U.S. Charges Three in Connection With Evolved Apes NFT Scam

The US has charged three people in connection with the Evolved Apes NFT scam from 2021.

The NFT project promised a video game, but the website disappeared shortly after completing the fundraising.

The United States Attorney’s Office for the Southern District of New York announced today that it has charged three individuals in connection with a non-fungible (NFT) token rugpull from 2021 known as Evolved Apes.

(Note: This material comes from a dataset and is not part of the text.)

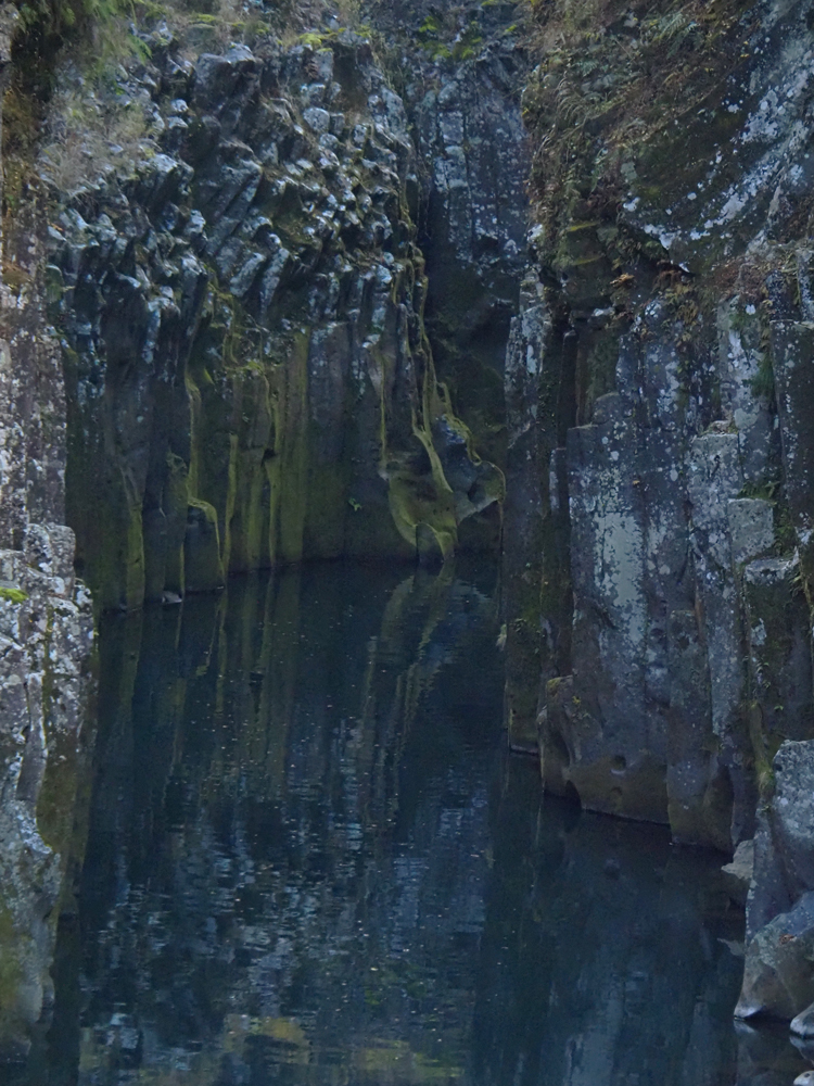 そして、柱状節理が美しい岩肌が見えてまいりました。これぞ高千穂峡と言う雰囲気に包まれてきます。

Mohamed-Amin Atcha, Mohamed Rilaz Waleedh and Daood Hassan are charged with wire fraud and money laundering, according to a statement from the SDNY office.

Evolved Apes was a collection of 10,000 unique NFTs, promising a video game that never materialized as anonymous developer Evil Ape vanished from the project a week after launch, withdrawing 798 ether ($3 million at today’s price, currently $2.7 million) . source of money.

“The defendants ran a scam to inflate the price of digital artworks by making false promises to develop a video game,” U.S. Attorney Damian Williams said in a statement. said. “They allegedly took investor funds, never developed the game, and pocketed the proceeds. Digital art may be new, but the old rules still apply: It’s illegal to make false promises for money.”

In crypto parlance, such a maneuver is known as rug pulling, a type of exit scam in which developers raise funds from investors through the sale of tokens or NFTs, then abruptly shut down the project and disappear with the money.

According to De.Fi’s Rekt database, more than $14.5 billion has been lost due to rug pulling since 2011.

The biggest case so far has been South African digital asset investment fund Africrypt, which ran away with 69,000 bitcoins worth about $4.8 billion in 2021.